Truly knowing ourselves and feeling comfortable in our own identities is something we’ve all struggled with at some point, and we’ve all wished we had done something or said something else at different times in our lives, but we can’t go back and change history. We can’t change who we were then.

One of the things I wish I could go back and change in my life is something I did repeatedly in high school. A couple of my friends and I had a running comic bit we used to do in which we’d each assume an exaggerated gay persona. We’d talk with lisps, act overly effeminate, and flirt with one another, spontaneously slipping into these roles whenever there was a receptive audience. We thought we were funny, and our audience generally did too. Well, maybe not the entire audience.

I’m now certain that my gay classmates didn’t appreciate the act at all. I didn’t know at the time which of my classmates were gay. But I now know a number of them were, and they were often witnesses to this “funny” little bit we did. It probably intimidated them and possibly made their blood boil. We were mocking their identities after all.

But 20 years ago small town gay teens had little choice but to react like everyone else, to laugh along with the rest or at the most appear indifferent. Most gay teens were closeted. To be “out” would have definitely meant social isolation, emotional bullying and quite likely physical violence. To openly criticize what my friends and I did would have risked inviting someone to question their sexuality, to make them a target of bullying.

I know now that my behavior was a soft form of bullying and harassment. I say “soft” not to minimize its significance or impact, but because it wasn’t specifically directed at any particular student.

In fact, I never would have acted that way had I known a gay student was present. In my ignorance, I assumed that everyone present was straight because they didn’t exhibit any of the stereotypical characteristics I was mocking. My motivation wasn’t to hurt or isolate gay students, even though I’m sure I did.

At the time I didn’t really understand what my motivation was. What I understand now is that by pretending to be gay in this way I wasn’t just seeking attention and laughter from my peers. My true intent, I think, was to communicate an unspoken message to everyone watching and listening: I’m not gay.

In addition to declaring my heterosexual identity, there was a secondary, unintended, and more harmful message too: Gay people are ridiculous, laughable and somehow less worthy of respect than I am, not because of their personal character but simply because of who they are, because of their identities.
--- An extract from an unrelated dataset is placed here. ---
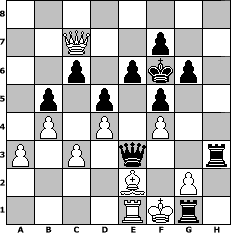 Partie-Notation im PGN-Format [Event "Zwischendurch mal ein paar eigene Z"] [Site "www.mySchach.de"] [Date "2009.02.11"] [Round "1"] [White "Master1"] [Black "rikilatic"] [ECO "D00"] [WhitemyELO "1280"] [BlackmyELO "1386"] [Result "0-1"] [TimeControl "10/1728000"] [WhiteDays "99"] [BlackDays "85"] [MySchachNr "52693"] 1. d4 d5 2. Bf4 Bf5 3. Nc3 c6 4. Nf3 Nf6 5. e3 Qb6 6. Rb1 e6 7. a3 Nbd7 8. Bd3 Ne4 9. O-O Ndf6 10. Nh4 Bg6 11. Qe1 Bd6 12. Nxe4 Bxf4 13. Nxf6+ gxf6 14. Nxg6 Bxh2+ 15. Kxh2 hxg6+ 16. Kg1 O-O-O 17. f3 Rh5 18. Qg3 Qa5 19. c3 Rg5 20. Qh3 Rh5 21. Qg3 Rdh8 22. Kf2 Kd7 23. f4 f5 24. Be2 Rh4 25. Qg5 b5 26. Qf6 Ke8 27. Bf3 Qa4 28. Rg1 Qc2+ 29. Be2 Rh2 30. Qe5 Kd7 31. Qf6 Ke8 32. b4 Qe4 33. Bf3 Qc2+ 34. Be2 Qe4 35. Bf3 Qc2+ 36. Be2 R8h3 37. Qe5 Qd2 38. Qb8+ Ke7 39. Qxa7+ Kf6 40. Rbe1 Qxe3+ 41. Kf1 Rh1 42. Qc7 Rxg1# 0-1 Stellungs-Notation im FEN-Format 8/2Q2p2/2p1pkp1/1p1p1p2/1P1P1P2/P1P1q2r/4B1P1/4RKr1 - - - 0 43 Geschlagene Figuren Weiss: Geschlagene Figuren Schwarz: Klicken Sie auf eine geschlagene Figur um den gewünschten Zug darzustellen!

When I met my first openly gay friend in college, and he confided in me how scared he was to come out to his parents because he was convinced they would never speak to him again, I began to understand how ignorant and insensitive I had been in high school.

As I got to know him better, I understood that his identity as a young gay man in no way threatened mine as a young straight man. I understood that being gay isn’t a choice, that it isn’t a defect, that it isn’t wrong or sinful. It’s simply who some people are.

Twenty years ago, when I was in high school, GLBT (gay, lesbian, bisexual and transgender) students had little protection in our schools from bullying and discrimination, and no one even discussed the possibility of gay marriage, but that’s changing. Twenty years from now, I believe we will look back at this time in history with the same wonder we do now regarding the civil rights era, thinking, “Can you believe people were denied such rights simply because of their identities?”

Like Tobias Wolff, I can’t go back and change what I did or who I was as a boy. But as a man, I know my identity isn’t shaken or threatened by another’s right to be different than I am, and I take heart in believing social change is on the horizon as more and more of us understand this as well.